Отец мой был прислан в комакадемию из Грузии учиться. На Арбате ему дали две маленькие комнатки в той коммуналке. И мать жила с нами. После моего рождения отца отправили обратно на Кавказ. Он продолжал работать комиссаром грузинской дивизии. А мама работала в аппарате горкома партии здесь.
А потом пришло время мне учиться. И меня отправили в Тбилиси, где я поступил в первый класс. Это был такой странный первый класс, где были экзамены по-русски. На экзамене каждому давали табличку, на табличке был нарисован лабиринт. В центре лабиринта – колбаса, а снаружи мышка, нужно было найти кратчайший путь до колбасы. О Пушкине мы не слышали ничего, Пушкин не существовал, Лермонтов не существовал, Тургенев не существовал, Толстой не существовал. Все они были помещики.
Потом отец работал уже секретарем Тбилисского горкома партии. У него были нелады с Берией, очень серьезные. И дошло до того, что отец мой поехал в Крым, к Серго Орджоникидзе, и попросил направить его на работу в Россию, потому что в Грузии он работать не мог. И Серго отправил его на Урал. Парторгом ЦК на вновь строящийся в первой или второй пятилетке вагоностроительный завод.

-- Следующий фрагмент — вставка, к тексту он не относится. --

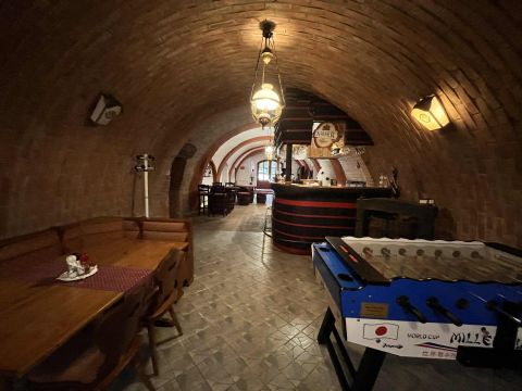 Alsó szint: több vendégtér (80100 fő befogadása), konyha, raktárak, iroda, személyzeti öltöző és mosdók, külön női-férfi mosdó a vendégeknek, valamint egyedi, hordódongákból készült kézműves pult és egy 2 sávos tekepálya
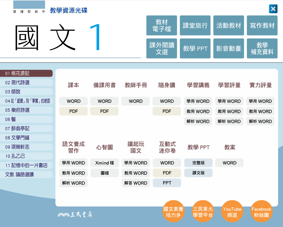 高中 三民版 國文科 1年級 教學光碟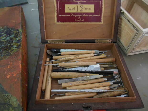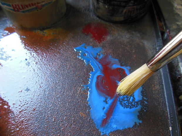 Las pinturas se mezclan en la parrilla precalentada al igual que una paleta normal, la bocina y el regulador de temperatura y varias herramientas de talla se utilizan en encáustica, todo lo que conseguirá el trabajo hecho pintura.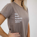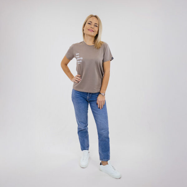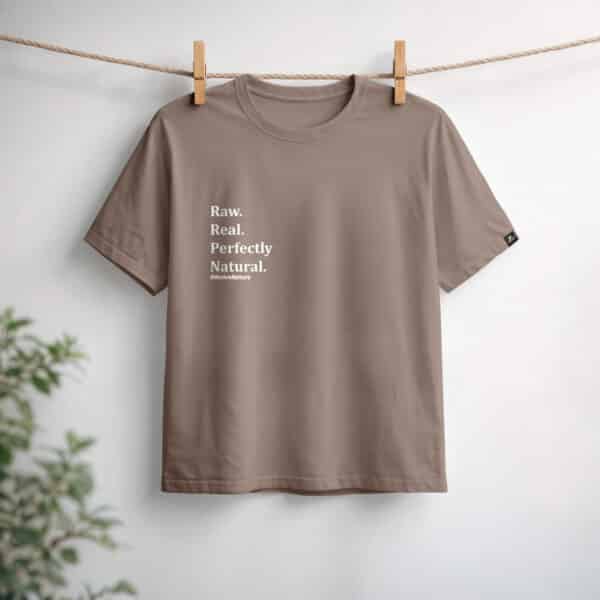 Minimalistické hnědé tričko navržené pro nenucený každodenní styl. S výrazným nápisem „Raw. Real. Perfectly. Natural.“ v čistě bílé potisku spojuje pohodlí s autentickým a sebevědomým přístupem.

Вот в 1932 году отец отправился на Урал – там еще была дикая тайга и несколько бараков. А потом выписал и нас. Я жил там, учился до ареста отца. До февраля 1937-го.
Мы вернулись в Москву. Опять в эти же две комнаты. Мать, конечно, исключили из партии тут же. Она устроилась кассиром в какую-то артель. И занималась тем, что в свободное время бегала, добивалась приема у Берии, чтобы сказать ему: «Ты же знал его по работе, он не может быть троцкистом или английским шпионом». Она добивалась, добивалась до тех пор, пока не пришли однажды ночью и не забрали ее тоже.
Я остался с бабушкой. В это время был уже брат. Он родился в 1934-м. Жили мы впроголодь. Страшно совершенно. Учился я плохо. Курить начал, пить, девки появились. Московский двор, матери нет, одна бабушка в отчаянии. Я стал дома деньги поворовывать на папиросы. Связался с темными ребятами. Как я помню, у меня образцом молодого человека был московско-арбатский жулик, блатной. Сапоги в гармошку, тельняшка, пиджачок, фуражечка, челочка и фикса золотая.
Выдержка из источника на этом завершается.